“Tierra no hacen más”, es la lógica de quienes, en forma primaria y sin necesidad de mayores argumentos matemáticos deducen que, mientras crece la población universal, el globo terráqueo es el mismo. La codicia sí tiene clara la idea. De ahí que los capitalistas adquieren tierra sin objetivo distinto de la tenencia, porque saben que su valor se incrementa en función de la ley de la oferta y la demanda.
Por ejemplo: a mediados del siglo pasado Colombia tenía 14 millones de habitantes y 75 años después, en 2025, son 50; y la tierra es la misma. La productividad es otra cosa. Para la avaricia es secundaria, mientras que, para el campesino, cuya vocación agrícola es inspiradora, la razón de su trabajo y de su esfuerzo es ver los frutos de la tierra, disfrutarlos y compartirlos.
Honduras históricas hablan de episodios relacionados con la tierra, como la “tierra prometida”, en cuya búsqueda vagó el pueblo judío por el desierto durante 40 años, liderado por Moisés; las plagas de Egipto, con las que se castigaron las infidelidades humanas con el Supremo Creador; y el feudalismo que imperó en la Edad Media, para citar solo tres ejemplos.
Los señores feudales eran “dueños de vidas y haciendas” y disponían de recursos, económicos y humanos suficientes para apoyar a las monarquías reinantes en sus constantes aventuras bélicas, lo que reyes y emperadores compensaban con leyes que fortalecieran el poder político y económico de los caballeros del reino. Éstos disfrutaban, por derecho propio, de las adolescentes hijas de campesinos subordinados, a quienes les echaban el ojo desde tierna edad, para poblar los campos de bastardos. Un exótico privilegio, otorgado por sus majestades a los señores feudales era la “ley de pernada”, que les permitía “estrenar” a las novias.
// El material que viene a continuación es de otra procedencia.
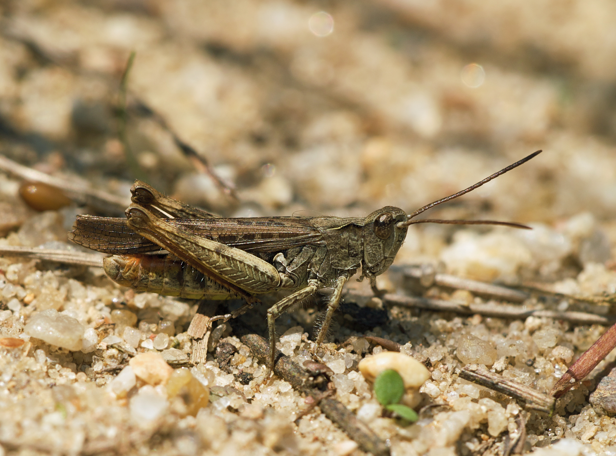 Male Common Field Grasshopper (Chorthippus brunneus), Chemnitz, Germany

A los esposos les tocaban lo “sobrados”.
En Colombia, desde la colonial Nueva Granada, la tierra ha sido recurso político, demagógico y jamás consolidado en beneficio de los campesinos, porque gobernantes y dirigentes saben que, a través de ella, de la tierra, pueden conseguir adhesiones (votos) y alcanzar o consolidar el poder. Los monarcas españoles, después de arrebatarles a los aborígenes las riquezas naturales y la identidad cultural; de imponerles una lengua distinta a la nativa; de cambiarles las tradicionales creencias religiosas y la forma de gobernarse, con el argumento piadoso (más bien falaz) de cristianizarlos y civilizarlos, los despojó de sus tierras, para ponerlas bajo la custodia de encomenderos que las hacían producir en beneficio de la corona.
Los más leales servidores del invasor, hispanos o criollos, eran compensados con tierras de amplia extensión, cuyos derechos trascendieron a los herederos, apoyados en cédulas reales. Los derechos que otorgaron sus majestades sirvieron a los criollos descendientes para reclamar la posesión de tierras, desconociendo los efectos de la Independencia. Después de ésta, diferentes gobiernos han legalizado reformas agrarias demagógicas, sin beneficios prácticos para quienes “inclinan la frente sobre el surco”, como dicen los poetas.